Let down your ends!
Rapunzel is a huge mass of ends. I love this sweater, but could do without the mass of ends to weave in. Ugh! Here is a quick look at the back at the front pieces of Rapunzel when I had only woven in about half of the ends. 
Pretty ugly isn't it? It took quite awhile to weave in all of those
ends. I was so wrapped up in the knitting that I kept putting off
weaving in all of the ends. By the time I finished the
front pieces I was a bit horrified at all the ends to weave. I hadn't thought of it rationally and realized that with two separate pieces there would be twice as many ends as the back piece had. Rational I know, but I wasn't thinking it at the time.
Here is a much nicer shot of the front pieces from the front, where you can't see all those ugly ends.

Much better don't you think? Here is a shot of the finished back piece:
I am loving this project so much. I am amazed at how fast it's coming along. I've only been working on it a month or so, and I've already finished three pieces. That's incredibly fast for me. I'm just past the intarsia section on the sleeves so they should start moving faster now as well. This project is going so well that I'm not sure it's going to fit when I'm done with it. I started knitting the large size instead of the xl thinking that with as slow as I normally knit, by the time I was done with the sweater it would be in the right size. Now I'm going to have to work harder on the diet t catch up.
I'm going to have to start a new traveling project tomorrow. I start my new job in New York on Monday so I'm going to have to have something to keep me occupied on my new longer commute. I have my ipod all set and loaded with good stuff, but I need some knitting as well. I have a sock on the needles, but am comtemplating starting a new pair of fingerless gloves, as I lost my favorite pair of lime green ones just after Christmas. (In the mall. I'm convinced that someone stole them as I was only in two stores and they weren't anywhere to be found).

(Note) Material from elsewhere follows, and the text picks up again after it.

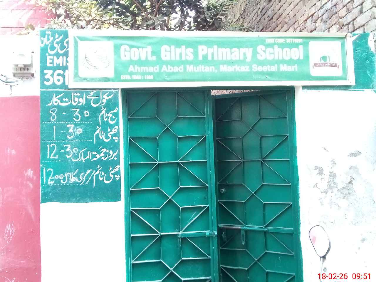 | District: MULTAN | Tehsil: MULTAN CITY | Markaz: SEETAL MARI - FEMALE | Level: Primary | |

I'm a nervous wreck about the new job. Not so much because of the work itself, I'm pretty confident in what I do that I'll be fine in that respect, but a wreck about meeting new people. I sometimes wonder if I have a touch of social anxiety syndrome. It's always amazing to me how real the fear of such situations can be to me,even though my rational brain knows it's pretty stupid. My wish is just to blend in with any crowd and hide. It's going to be a rough week. I had worked at my last job for 4 years and was just begining to feel like I was getting comfortable with the co-workers outside of my department. Yes, it takes me that long.